Data extract:
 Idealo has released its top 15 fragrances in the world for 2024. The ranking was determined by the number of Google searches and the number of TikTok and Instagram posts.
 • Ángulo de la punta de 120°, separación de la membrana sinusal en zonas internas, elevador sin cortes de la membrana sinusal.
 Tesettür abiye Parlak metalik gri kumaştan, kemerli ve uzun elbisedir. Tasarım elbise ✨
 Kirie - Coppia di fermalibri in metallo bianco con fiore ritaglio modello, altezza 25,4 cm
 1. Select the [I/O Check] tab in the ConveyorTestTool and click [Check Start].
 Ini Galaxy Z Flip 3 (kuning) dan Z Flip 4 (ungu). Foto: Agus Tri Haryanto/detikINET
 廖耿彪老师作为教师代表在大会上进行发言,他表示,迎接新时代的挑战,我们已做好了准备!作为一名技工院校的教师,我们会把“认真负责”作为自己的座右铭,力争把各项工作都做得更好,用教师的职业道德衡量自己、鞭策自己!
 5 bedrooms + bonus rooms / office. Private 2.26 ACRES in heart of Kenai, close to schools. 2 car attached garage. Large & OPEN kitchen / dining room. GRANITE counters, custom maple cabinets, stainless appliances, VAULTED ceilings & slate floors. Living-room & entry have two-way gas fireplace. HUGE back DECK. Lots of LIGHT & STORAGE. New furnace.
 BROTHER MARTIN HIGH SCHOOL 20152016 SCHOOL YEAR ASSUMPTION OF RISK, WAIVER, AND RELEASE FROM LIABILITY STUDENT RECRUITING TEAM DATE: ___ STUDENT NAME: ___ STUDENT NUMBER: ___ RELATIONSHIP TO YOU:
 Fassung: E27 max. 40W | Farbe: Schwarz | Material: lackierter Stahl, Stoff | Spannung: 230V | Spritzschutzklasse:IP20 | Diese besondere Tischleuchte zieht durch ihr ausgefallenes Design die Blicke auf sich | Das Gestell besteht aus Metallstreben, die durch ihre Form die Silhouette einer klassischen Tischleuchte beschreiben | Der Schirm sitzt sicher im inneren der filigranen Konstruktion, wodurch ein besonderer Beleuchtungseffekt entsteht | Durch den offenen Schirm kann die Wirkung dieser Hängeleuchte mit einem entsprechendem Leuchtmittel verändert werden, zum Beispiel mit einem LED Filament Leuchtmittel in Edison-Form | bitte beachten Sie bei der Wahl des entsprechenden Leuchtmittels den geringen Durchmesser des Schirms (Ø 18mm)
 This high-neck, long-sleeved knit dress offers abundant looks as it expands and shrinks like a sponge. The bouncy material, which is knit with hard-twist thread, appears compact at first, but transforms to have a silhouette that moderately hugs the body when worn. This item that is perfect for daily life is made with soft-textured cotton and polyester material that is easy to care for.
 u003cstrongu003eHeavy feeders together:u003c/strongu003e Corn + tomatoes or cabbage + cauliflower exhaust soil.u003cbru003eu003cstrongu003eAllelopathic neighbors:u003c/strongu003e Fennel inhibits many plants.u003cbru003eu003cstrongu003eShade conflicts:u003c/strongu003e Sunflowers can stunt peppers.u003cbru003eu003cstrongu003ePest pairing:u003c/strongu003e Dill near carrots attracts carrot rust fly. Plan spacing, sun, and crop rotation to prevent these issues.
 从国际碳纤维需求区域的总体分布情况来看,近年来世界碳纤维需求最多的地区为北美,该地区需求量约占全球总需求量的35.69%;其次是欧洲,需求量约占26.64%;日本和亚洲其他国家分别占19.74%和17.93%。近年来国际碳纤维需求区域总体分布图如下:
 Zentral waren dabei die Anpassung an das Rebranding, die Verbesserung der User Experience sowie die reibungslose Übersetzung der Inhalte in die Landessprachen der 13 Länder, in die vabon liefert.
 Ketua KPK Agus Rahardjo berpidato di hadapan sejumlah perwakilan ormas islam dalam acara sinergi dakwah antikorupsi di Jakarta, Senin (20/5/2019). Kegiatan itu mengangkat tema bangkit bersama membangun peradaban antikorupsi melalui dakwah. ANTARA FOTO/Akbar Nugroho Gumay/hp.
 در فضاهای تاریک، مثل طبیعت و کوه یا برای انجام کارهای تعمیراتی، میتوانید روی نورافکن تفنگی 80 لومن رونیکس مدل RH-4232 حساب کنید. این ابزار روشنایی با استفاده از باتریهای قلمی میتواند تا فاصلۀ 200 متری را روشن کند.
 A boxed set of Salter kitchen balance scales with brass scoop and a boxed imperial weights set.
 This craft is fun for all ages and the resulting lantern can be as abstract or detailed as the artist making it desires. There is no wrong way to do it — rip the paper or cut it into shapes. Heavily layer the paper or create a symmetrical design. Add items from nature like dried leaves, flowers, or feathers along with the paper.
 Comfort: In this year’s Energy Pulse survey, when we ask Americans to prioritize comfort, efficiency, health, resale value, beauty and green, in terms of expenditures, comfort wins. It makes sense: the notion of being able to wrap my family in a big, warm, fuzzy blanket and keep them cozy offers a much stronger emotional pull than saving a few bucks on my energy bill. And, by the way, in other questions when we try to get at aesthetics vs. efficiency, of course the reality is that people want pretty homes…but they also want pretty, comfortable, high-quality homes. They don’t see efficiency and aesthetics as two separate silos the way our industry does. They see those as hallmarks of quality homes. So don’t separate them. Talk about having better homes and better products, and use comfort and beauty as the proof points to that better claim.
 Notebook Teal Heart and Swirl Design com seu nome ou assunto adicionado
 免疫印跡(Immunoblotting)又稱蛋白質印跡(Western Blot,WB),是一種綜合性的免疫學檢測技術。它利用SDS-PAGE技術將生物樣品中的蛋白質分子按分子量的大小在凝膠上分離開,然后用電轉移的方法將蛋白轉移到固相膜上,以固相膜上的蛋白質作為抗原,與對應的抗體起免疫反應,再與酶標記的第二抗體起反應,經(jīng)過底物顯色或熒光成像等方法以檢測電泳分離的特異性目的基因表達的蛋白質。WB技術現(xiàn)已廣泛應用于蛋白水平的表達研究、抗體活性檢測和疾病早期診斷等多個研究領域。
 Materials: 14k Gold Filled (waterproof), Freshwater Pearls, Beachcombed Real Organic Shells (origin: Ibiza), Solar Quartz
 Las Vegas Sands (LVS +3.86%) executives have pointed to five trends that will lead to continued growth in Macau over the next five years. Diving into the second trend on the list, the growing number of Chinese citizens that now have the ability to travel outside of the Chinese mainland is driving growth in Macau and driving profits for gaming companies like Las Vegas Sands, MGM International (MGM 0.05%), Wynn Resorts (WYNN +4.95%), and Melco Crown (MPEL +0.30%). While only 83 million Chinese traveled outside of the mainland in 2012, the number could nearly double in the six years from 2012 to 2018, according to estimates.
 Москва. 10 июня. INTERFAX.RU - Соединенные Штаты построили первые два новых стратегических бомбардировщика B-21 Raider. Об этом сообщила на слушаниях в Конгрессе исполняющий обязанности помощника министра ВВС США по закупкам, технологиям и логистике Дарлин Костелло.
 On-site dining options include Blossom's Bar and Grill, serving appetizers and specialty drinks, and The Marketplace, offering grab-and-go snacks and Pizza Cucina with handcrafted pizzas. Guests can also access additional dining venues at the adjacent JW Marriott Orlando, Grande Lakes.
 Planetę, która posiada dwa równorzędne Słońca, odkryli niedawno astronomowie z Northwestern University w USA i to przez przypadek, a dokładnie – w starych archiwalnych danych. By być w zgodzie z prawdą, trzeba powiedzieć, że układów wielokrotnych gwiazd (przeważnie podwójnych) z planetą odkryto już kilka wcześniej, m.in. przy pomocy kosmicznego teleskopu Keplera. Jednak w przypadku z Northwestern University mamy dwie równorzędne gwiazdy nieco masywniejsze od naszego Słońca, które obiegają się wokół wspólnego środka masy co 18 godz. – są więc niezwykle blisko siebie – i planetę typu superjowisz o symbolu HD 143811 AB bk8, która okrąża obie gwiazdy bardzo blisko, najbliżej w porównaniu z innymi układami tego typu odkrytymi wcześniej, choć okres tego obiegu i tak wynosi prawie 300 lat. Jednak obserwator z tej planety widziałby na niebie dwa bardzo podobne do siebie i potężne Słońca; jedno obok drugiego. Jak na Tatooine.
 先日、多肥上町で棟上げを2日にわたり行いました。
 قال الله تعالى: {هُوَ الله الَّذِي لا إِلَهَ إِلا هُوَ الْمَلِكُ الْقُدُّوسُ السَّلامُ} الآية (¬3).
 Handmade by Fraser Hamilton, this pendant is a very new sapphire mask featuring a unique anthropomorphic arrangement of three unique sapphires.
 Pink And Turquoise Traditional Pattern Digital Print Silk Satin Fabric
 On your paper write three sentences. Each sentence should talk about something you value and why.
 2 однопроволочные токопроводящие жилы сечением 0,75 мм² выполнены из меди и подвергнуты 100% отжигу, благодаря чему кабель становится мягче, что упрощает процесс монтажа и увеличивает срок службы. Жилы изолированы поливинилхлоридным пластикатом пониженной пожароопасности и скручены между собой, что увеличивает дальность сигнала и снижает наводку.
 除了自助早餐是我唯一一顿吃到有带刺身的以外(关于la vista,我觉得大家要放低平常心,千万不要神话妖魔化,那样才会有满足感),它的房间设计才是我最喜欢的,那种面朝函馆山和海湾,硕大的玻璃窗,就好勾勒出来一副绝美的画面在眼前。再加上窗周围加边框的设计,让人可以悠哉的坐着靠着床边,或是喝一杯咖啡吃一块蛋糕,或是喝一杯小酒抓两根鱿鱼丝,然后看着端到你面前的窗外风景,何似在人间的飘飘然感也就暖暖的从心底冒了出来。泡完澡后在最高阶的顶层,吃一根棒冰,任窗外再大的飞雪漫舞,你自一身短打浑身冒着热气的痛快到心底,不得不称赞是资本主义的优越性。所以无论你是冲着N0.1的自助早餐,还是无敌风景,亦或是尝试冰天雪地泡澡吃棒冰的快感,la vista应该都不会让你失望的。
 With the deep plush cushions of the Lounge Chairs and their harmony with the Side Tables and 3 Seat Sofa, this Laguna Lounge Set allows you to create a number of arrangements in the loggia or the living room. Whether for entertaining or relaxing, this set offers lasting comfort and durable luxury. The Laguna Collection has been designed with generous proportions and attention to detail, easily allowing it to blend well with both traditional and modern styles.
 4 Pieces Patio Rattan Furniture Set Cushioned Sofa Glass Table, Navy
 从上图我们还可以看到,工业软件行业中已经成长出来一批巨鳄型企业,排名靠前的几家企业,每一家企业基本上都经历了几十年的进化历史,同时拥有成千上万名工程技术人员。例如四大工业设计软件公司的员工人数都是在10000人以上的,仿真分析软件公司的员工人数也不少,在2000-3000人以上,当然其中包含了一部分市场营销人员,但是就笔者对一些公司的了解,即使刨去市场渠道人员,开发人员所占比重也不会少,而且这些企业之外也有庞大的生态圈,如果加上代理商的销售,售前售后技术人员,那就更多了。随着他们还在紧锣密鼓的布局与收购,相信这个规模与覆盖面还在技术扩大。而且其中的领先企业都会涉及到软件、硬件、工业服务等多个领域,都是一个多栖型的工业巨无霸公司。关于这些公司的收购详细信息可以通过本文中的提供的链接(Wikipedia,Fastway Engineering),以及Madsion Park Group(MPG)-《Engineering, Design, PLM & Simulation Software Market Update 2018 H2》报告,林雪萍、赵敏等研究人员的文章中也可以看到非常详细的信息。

Work task:
Sift the material for lines that include the word "also", and copy each one.

Solution:
 Comfort: In this year’s Energy Pulse survey, when we ask Americans to prioritize comfort, efficiency, health, resale value, beauty and green, in terms of expenditures, comfort wins. It makes sense: the notion of being able to wrap my family in a big, warm, fuzzy blanket and keep them cozy offers a much stronger emotional pull than saving a few bucks on my energy bill. And, by the way, in other questions when we try to get at aesthetics vs. efficiency, of course the reality is that people want pretty homes…but they also want pretty, comfortable, high-quality homes. They don’t see efficiency and aesthetics as two separate silos the way our industry does. They see those as hallmarks of quality homes. So don’t separate them. Talk about having better homes and better products, and use comfort and beauty as the proof points to that better claim.
 On-site dining options include Blossom's Bar and Grill, serving appetizers and specialty drinks, and The Marketplace, offering grab-and-go snacks and Pizza Cucina with handcrafted pizzas. Guests can also access additional dining venues at the adjacent JW Marriott Orlando, Grande Lakes.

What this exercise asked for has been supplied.